Tips and common issues:

  • Data locality: Context Lens stores embeddings and the LanceDB database on disk. Ensure the storage path is writable and has enough space for your content and embeddings.
  • Model and performance: The embedding model is 384-dimensional and designed for local use. If you experience performance issues, consider adjusting chunk size (default 1000 chars) and overlap (default 200 chars) to suit your content and hardware.
  • Content parsing: The system uses language-aware parsers (e.g., AST for Python, structural parsing for JSON, header-based splitting for Markdown). Ensure your content is in a readable format for best results.
  • Content indexing workflow: You can index local files or public GitHub repositories. To index a new repository, add its path/URL to the LanceDB-backed knowledge base using your MCP client tools.
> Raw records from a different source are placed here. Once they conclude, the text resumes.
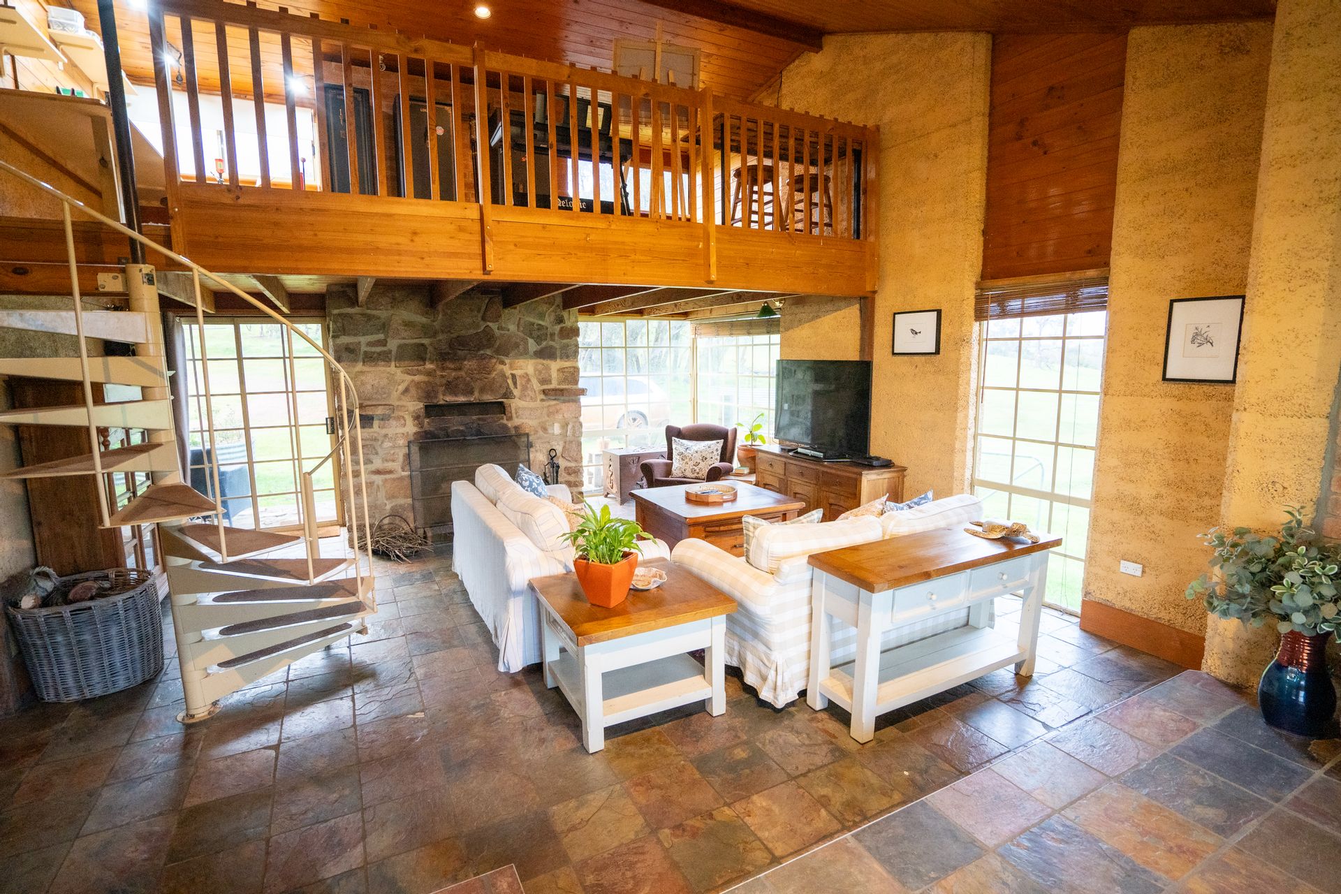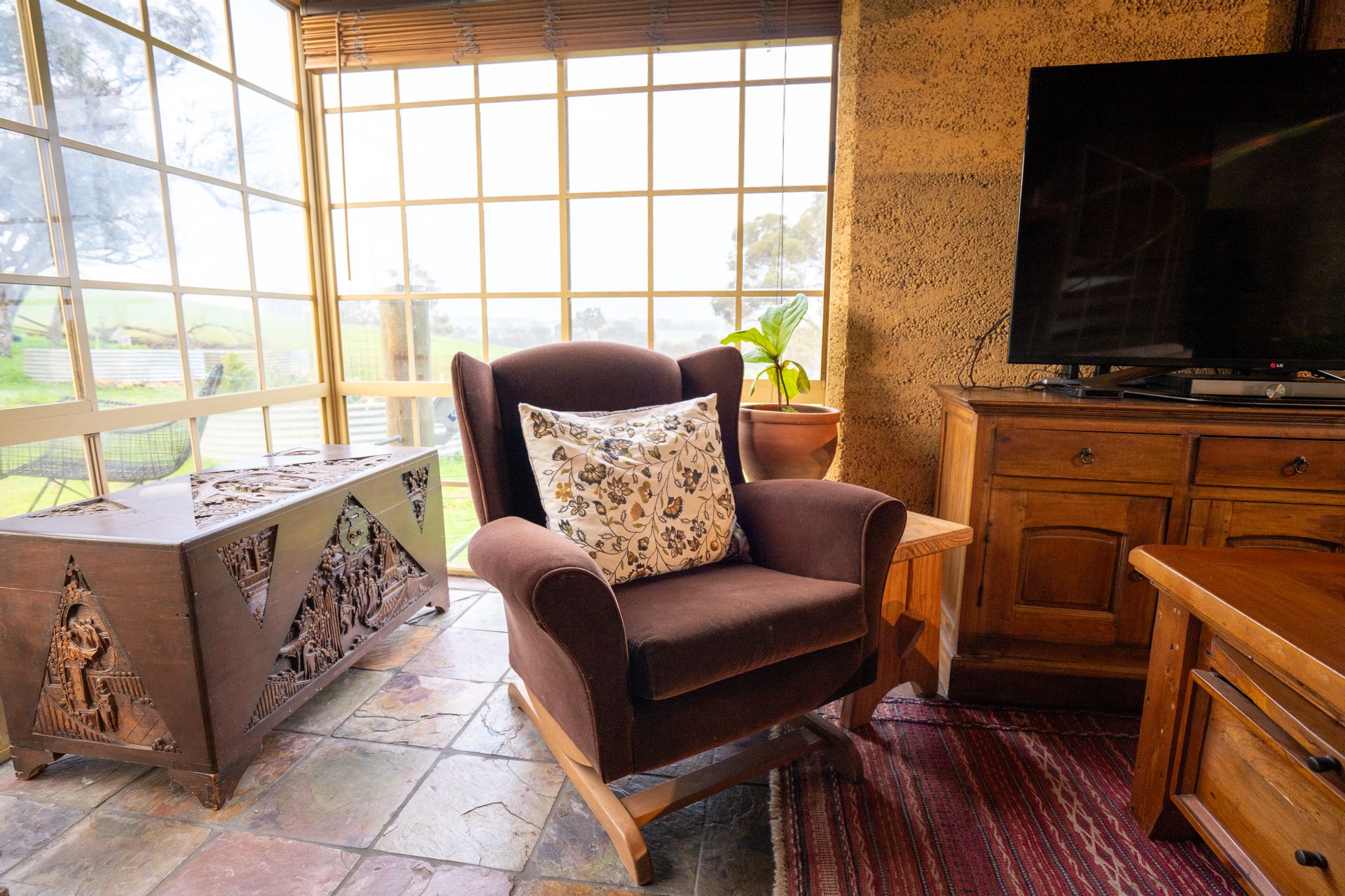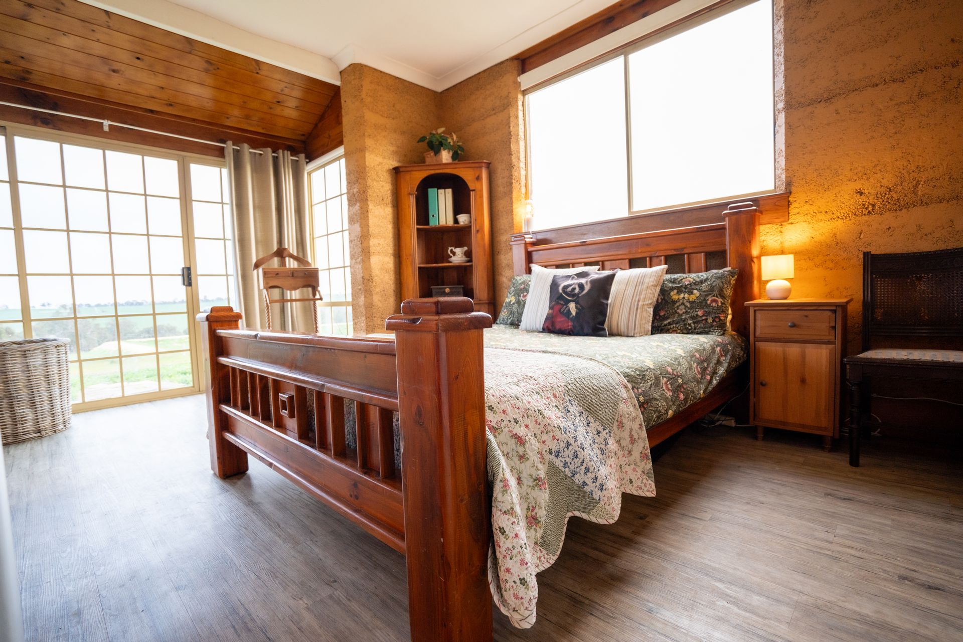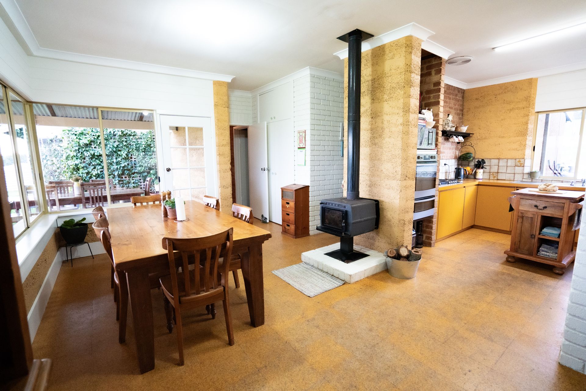 The character-filled 4-bedroom, 2-bathroom rammed earth home is beautifully situated on an elevated site, offering stunning rural views from every window. The home's design is cozy, spacious and practical, creating an inviting atmosphere from the moment you step through the convenient mudroom, which includes a separate shower, toilet, and laundry. As you continue down the hall and into the dining area, you'll be captivated by the light-filled living space, where large windows frame the stunning scenery. The warmth of the wood fire adds to the inviting ambiance, complemented by the beautiful cork and slate flooring throughout.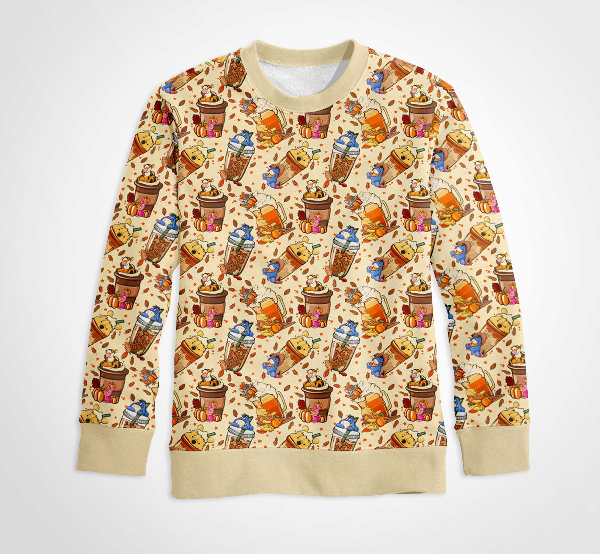 Fallin for Fall Pooh Brew - Kids Crew Neck Sweatshirt
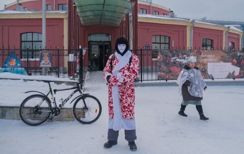 Дмитрий приехал на велопробег в костюме скандинавского Деда Мороза. А Влад - в белой маске.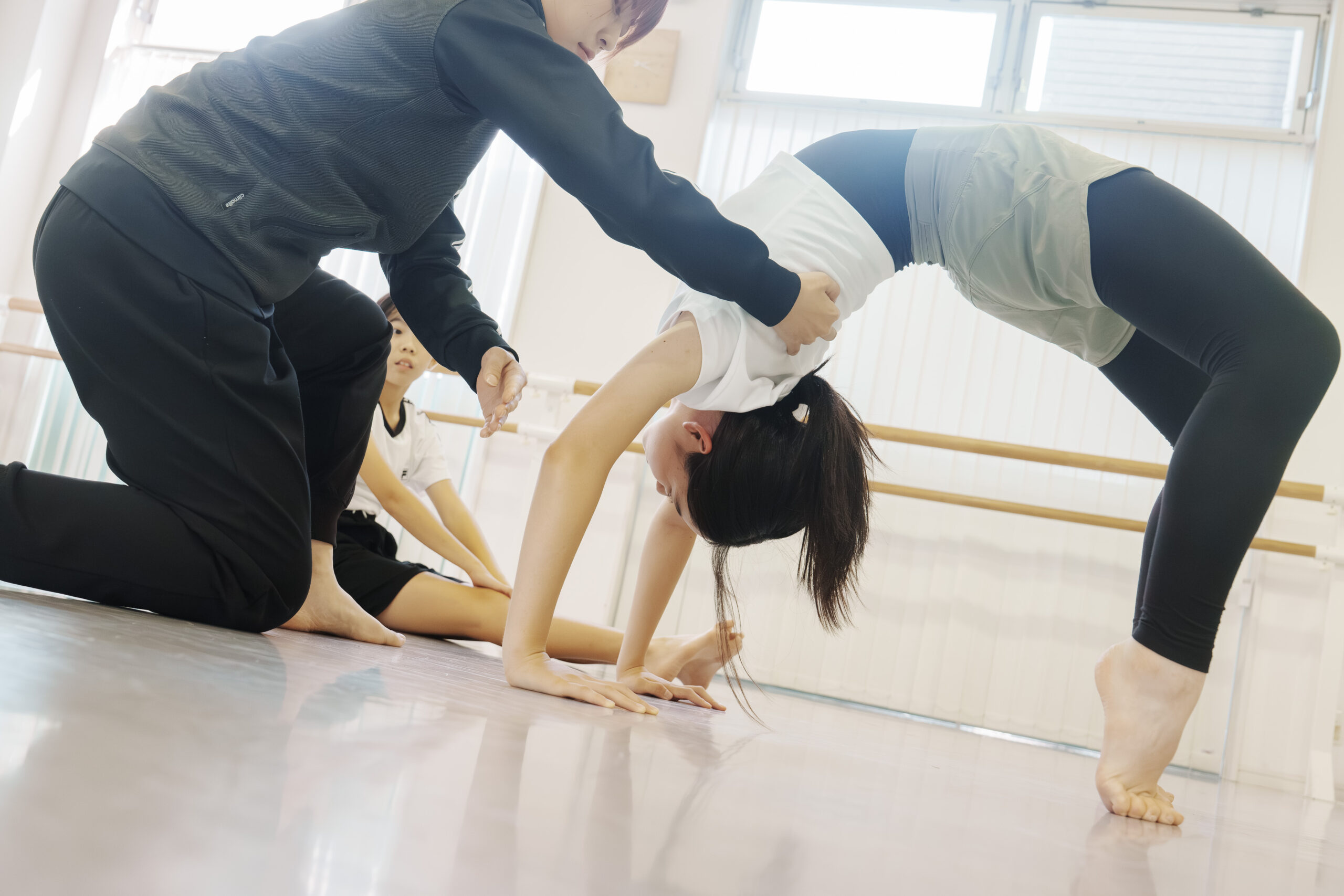 レッスンでは、体の軸を意識した立ち方や足の使い方など、基礎から丁寧に学んでいきます。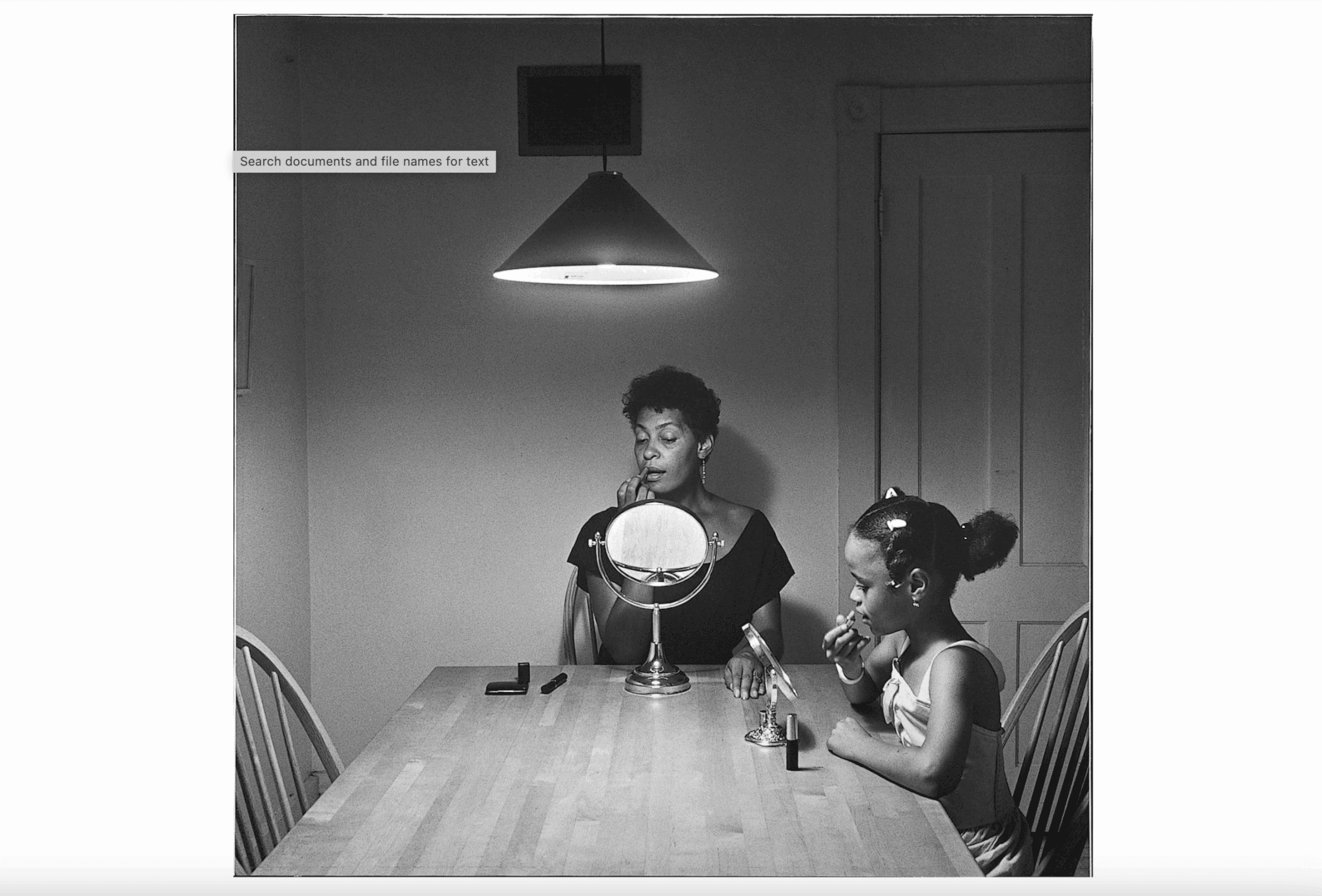 Carrie Mae Weems, Untitled (Make-up with Daughter), 1990. Gelatin silver print. Hood Museum of Art, Dartmouth: Purchased through the Harry Shafer Fisher 1966 Memorial Fund; PH.991.46. © Carrie Mae Weems.
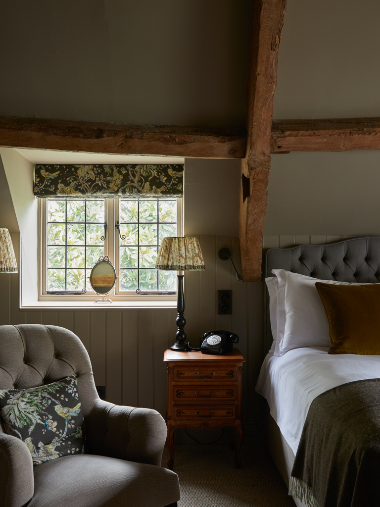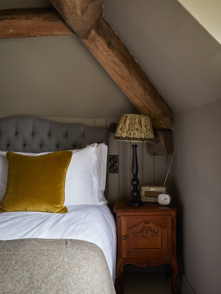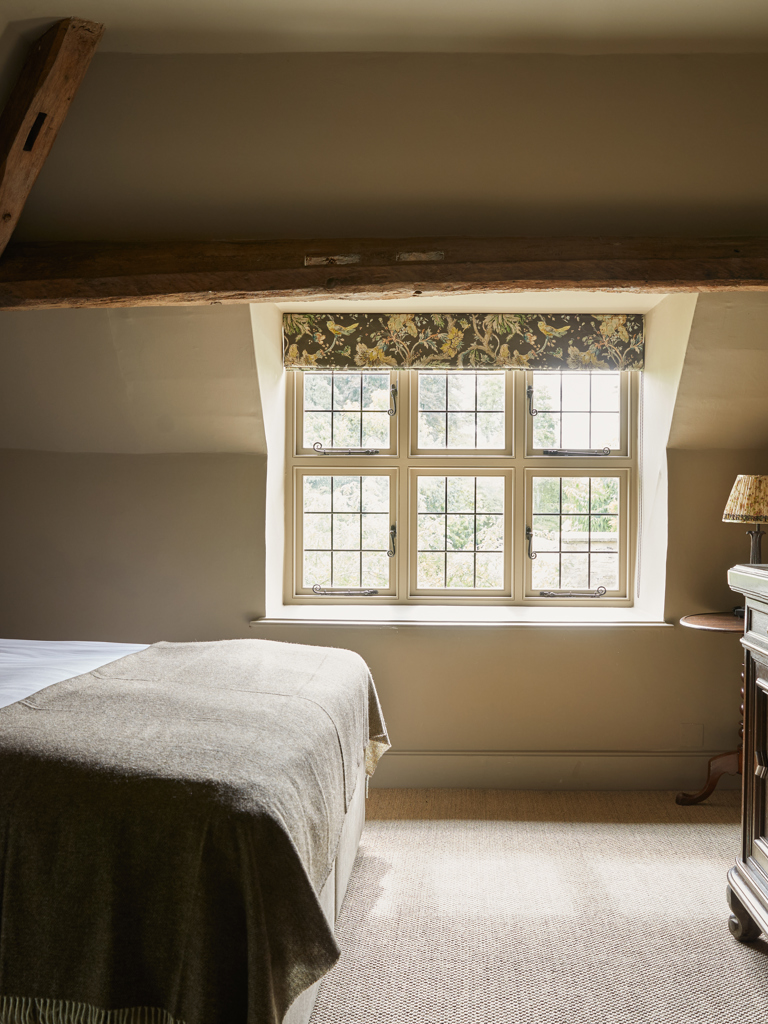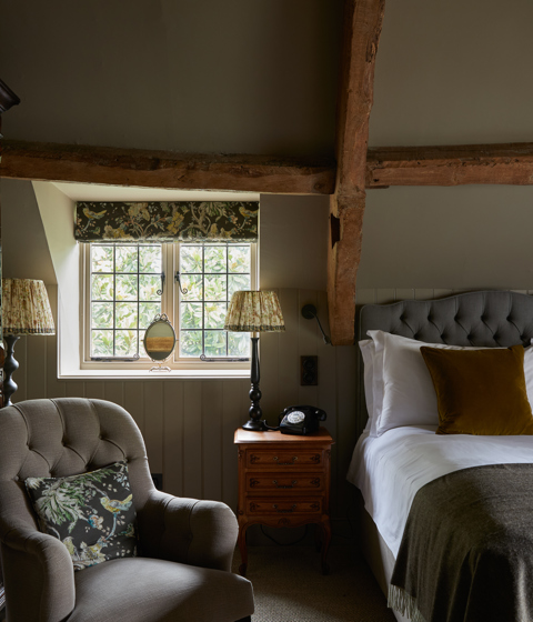 The snug is a comfortable hideaway that’s perfect for two people sharing. Packed with original features, the Snug has exposed beams, an open plan layout and very cosy twin beds with views out to Rosemary Verey’s arts and crafts style gardens at the back of the house. There is a big monsoon shower in the bathroom – everything you need for a great night’s rest.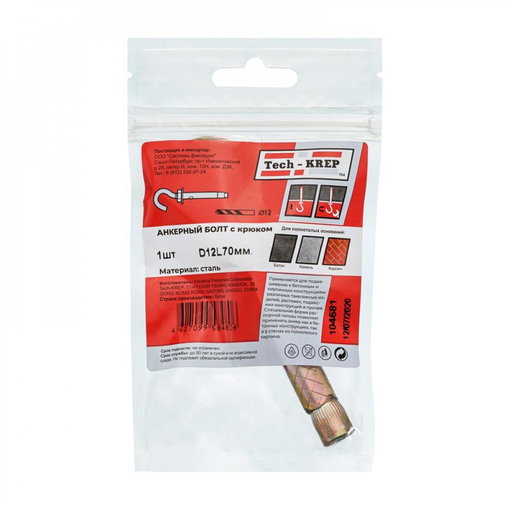 Доставка Болт анкерный с крюком 12х70 104681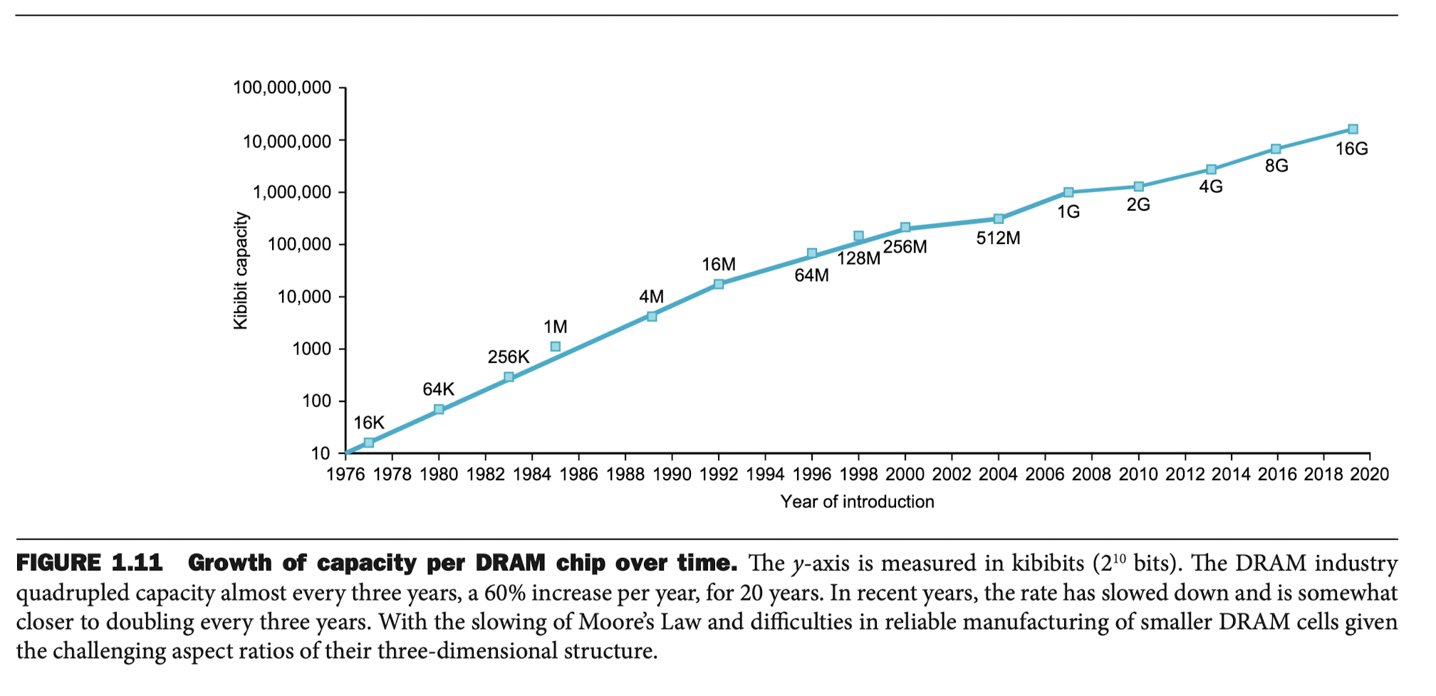 -무어가 doubling of resources의 지속성을 예측했을때, 칩에 들어가는 트랜지스터 수의 비율을 예상했고,

  • Security and privacy: All data remains local. If you share a machine or repository, consider encrypting the LanceDB store or restricting access to the host.
  • Environment variables: If you rely on tokens or environment-based configuration, you can pass these via your MCP client or environment; the default setup shown here uses no required environment variables beyond what your client needs to connect.
  • Registry and verification: Context Lens is published under the MCP registry as io.github.cornelcroi/context-lens. See REGISTRY.md for installation verification guidance.